Cellular Tensegrity: Exploring How Mechanical Changes in the Cytoskeleton Regulate Cell Growth, Migration, and Tissue Pattern during Morphogenesis

Abstract

Publisher Summary This chapter focuses on the role of the intracellular cytoskeleton (CSK) in cell shape determination and tissue morphogenesis. The role of mechanical changes in the CSK during embryological development is reviewed. The chapter focuses on the mechanism by which mechanical forces are transmitted across the cell surface and through the CSK, as well as how they regulate cell shape.

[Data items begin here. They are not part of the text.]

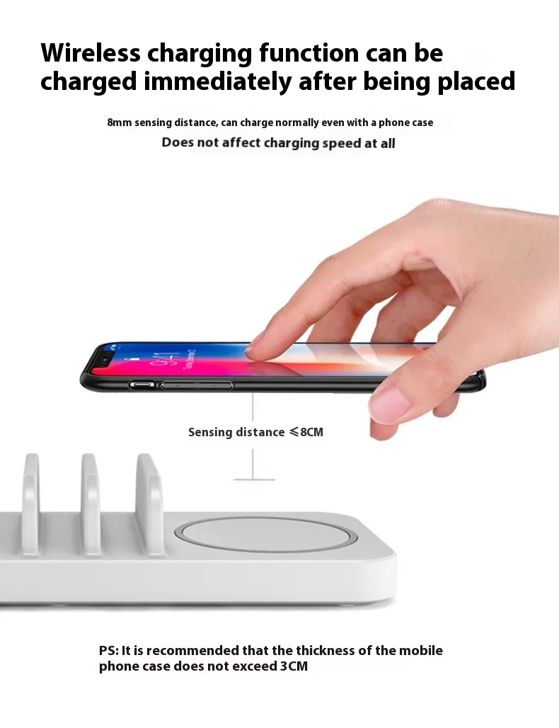 Equipped with three charging ports, this base delivers fast charging speeds, ensuring your devices are ready to go in no time. The bracket design not only secures your devices in place but also keeps them elevated for a comfortable viewing angle, whether you're watching videos, video calling, or checking notifications. Ideal for home, office, or travel use, this charger base simplifies your charging setup, reducing clutter and improving your overall charging experience.
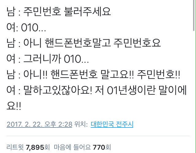 2000년대부터 뒷번호 남자는 3 여자는 4요. |
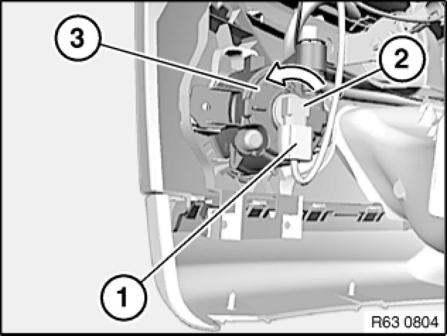 Turn bulb holder (2) in direction of arrow and remove from fog lamp (3).

An analysis of the biomechanical basis of cell shape control addresses two central questions: (1) how do changes in mechanical forces alter CSK organization, and (2) how do changes in CSK structure regulate cell growth and function. The results from recent studies showing that the CSK can respond directly to mechanical stress are also reviewed. The particular type of mechanical response that living cells exhibit is consistent with a theory of CSK architecture that is based on tensional integrity and is known as “tensegrity”. Inherent to the tensegrity model is an efficient mechanism for integrating changes in structure and function at the tissue, cell, nuclear, and molecular levels. The chapter explores the possibility that CSK tensegrity may also provide a mechanical basis for cell locomotion as well as a structural mechanism for coupling mechanical and chemical signaling pathways inside the cell.